● MATERIAL PROVIDED
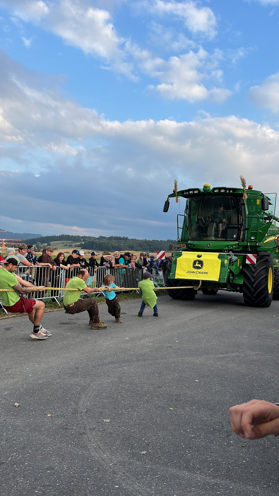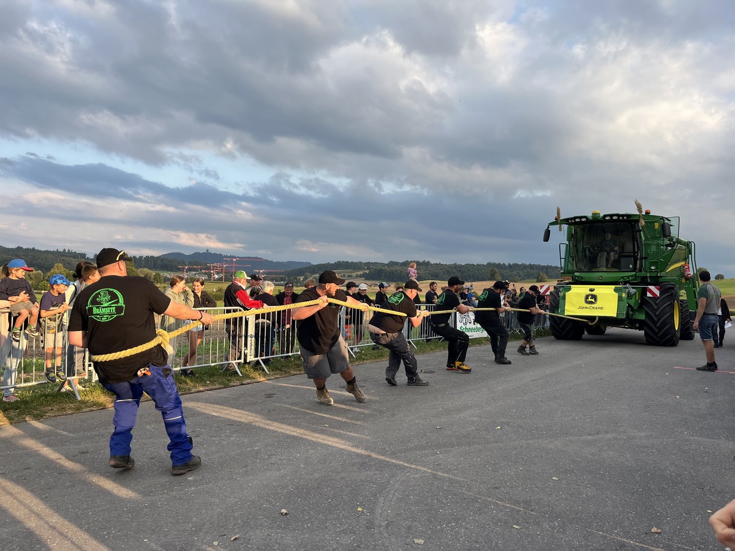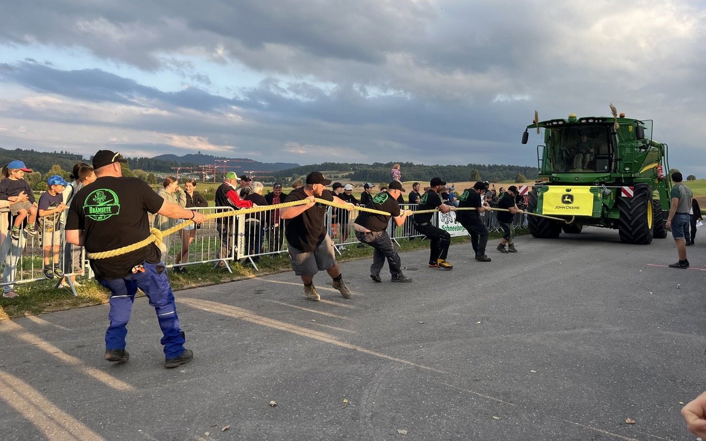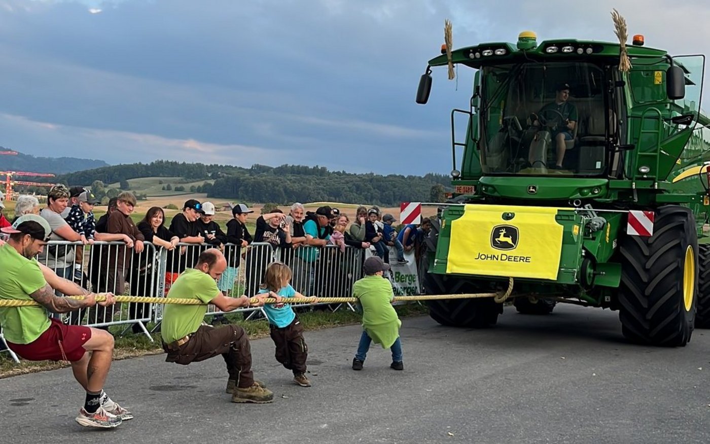 Bei der Challenge geht es beim ersten Durchlauf darum, den rund 16 Tonnen schweren Mähdrescher im neutralen Gang über eine Distanz von 30 Meter zu ziehen. Beim zweiten Durchlauf wird dem John Deere Mähdrescher zusätzlich der Mähbalken mit einem Gewicht von 2 bis 2,5 Tonnen angehängt. Das schnellste Team gewinnt. Ganz zum Schluss können dann noch die Kinder ran an das Seil. Für die Anmeldung können sich jeweils Teams bestehend aus sechs Personen oder bei reinen Frauenteams sieben Frauen einschreiben. Gewonnen hat das Sechser-Team «Les Welsch» aus der Romandie. «Wie letztes Jahr», wie eine Mitarbeiterin des Lohnunternehmers sagt.
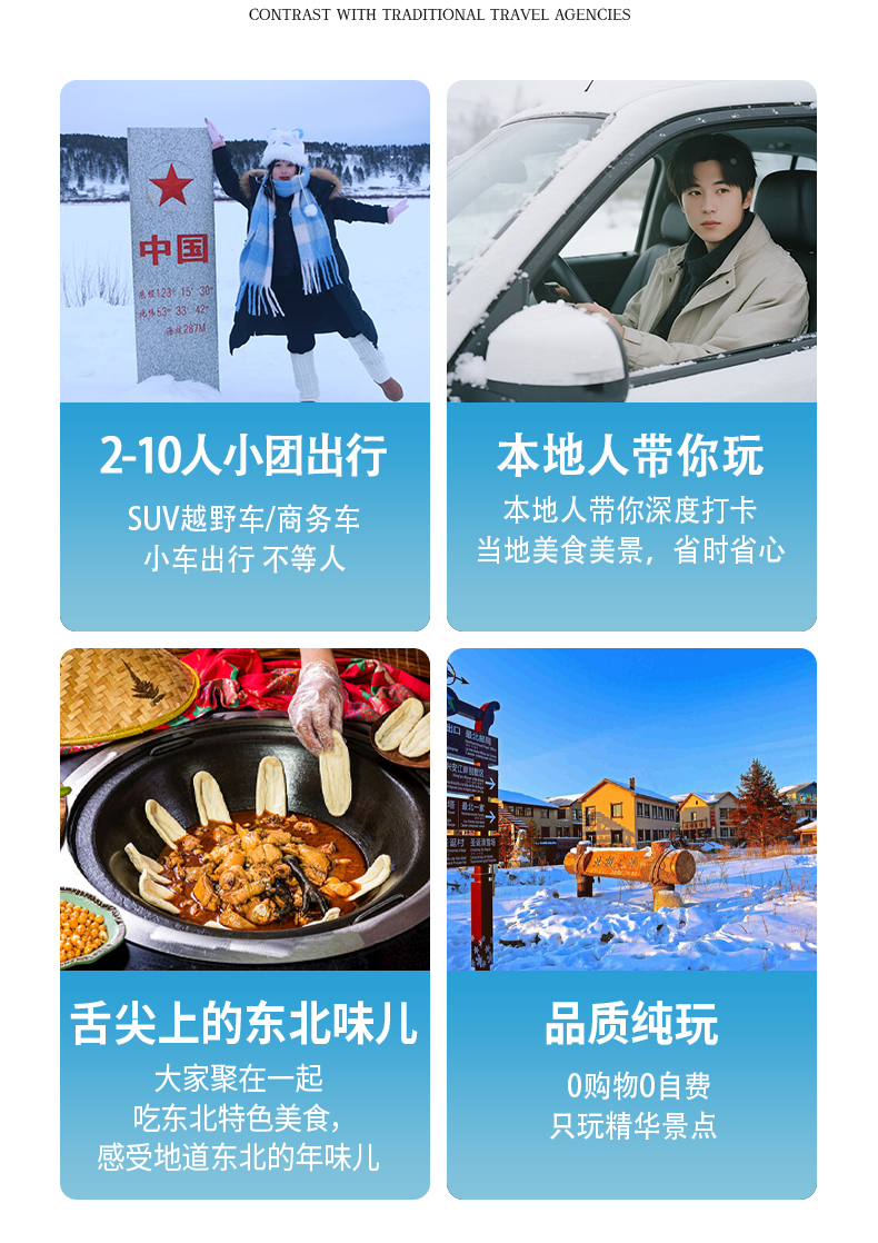 6、东北因地理环境、天气寒冷的特殊性,以及个人身体素质条件不同,可能会出现不同程度的不良反应(水土不服或温差较大引发的感冒等不良症状),建议根据自身情况做好相关评估和准备。行程中,若出现身体不适等不良反应,请及时通知服务人员或旅行社,旅行社将给予必要的协助,但产生额外的救助费用将由个人承担,我公司协助游客报保险,如决定中途退团的,仅退还未产生的门票费用。
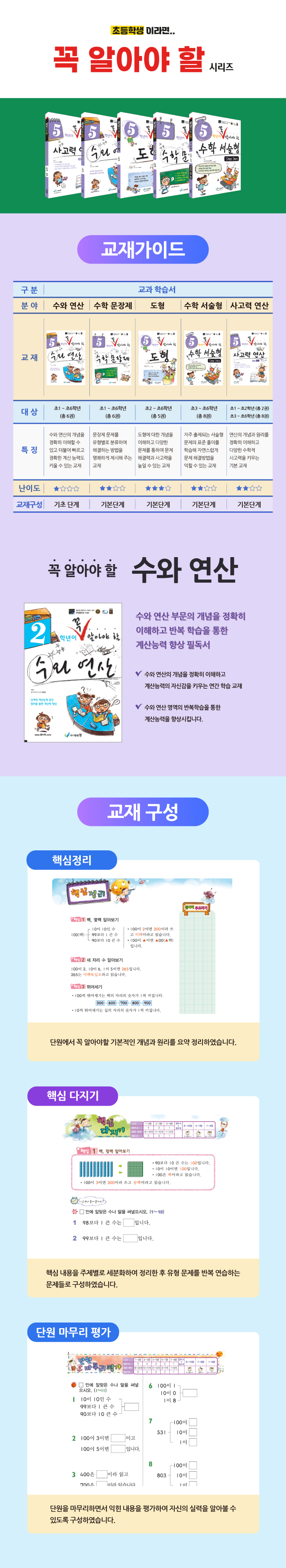 수와 연산의 개념을 정확히 이해할 수 있고 더불어 빠르고 정확한 계산 능력도 키울 수 있는 교재

● EXERCISE DIRECTIONS
Without including any pictures, copy every line above exactly.

● WRITTEN REPLY
 Bei der Challenge geht es beim ersten Durchlauf darum, den rund 16 Tonnen schweren Mähdrescher im neutralen Gang über eine Distanz von 30 Meter zu ziehen. Beim zweiten Durchlauf wird dem John Deere Mähdrescher zusätzlich der Mähbalken mit einem Gewicht von 2 bis 2,5 Tonnen angehängt. Das schnellste Team gewinnt. Ganz zum Schluss können dann noch die Kinder ran an das Seil. Für die Anmeldung können sich jeweils Teams bestehend aus sechs Personen oder bei reinen Frauenteams sieben Frauen einschreiben. Gewonnen hat das Sechser-Team «Les Welsch» aus der Romandie. «Wie letztes Jahr», wie eine Mitarbeiterin des Lohnunternehmers sagt.
 6、东北因地理环境、天气寒冷的特殊性,以及个人身体素质条件不同,可能会出现不同程度的不良反应(水土不服或温差较大引发的感冒等不良症状),建议根据自身情况做好相关评估和准备。行程中,若出现身体不适等不良反应,请及时通知服务人员或旅行社,旅行社将给予必要的协助,但产生额外的救助费用将由个人承担,我公司协助游客报保险,如决定中途退团的,仅退还未产生的门票费用。
 수와 연산의 개념을 정확히 이해할 수 있고 더불어 빠르고 정확한 계산 능력도 키울 수 있는 교재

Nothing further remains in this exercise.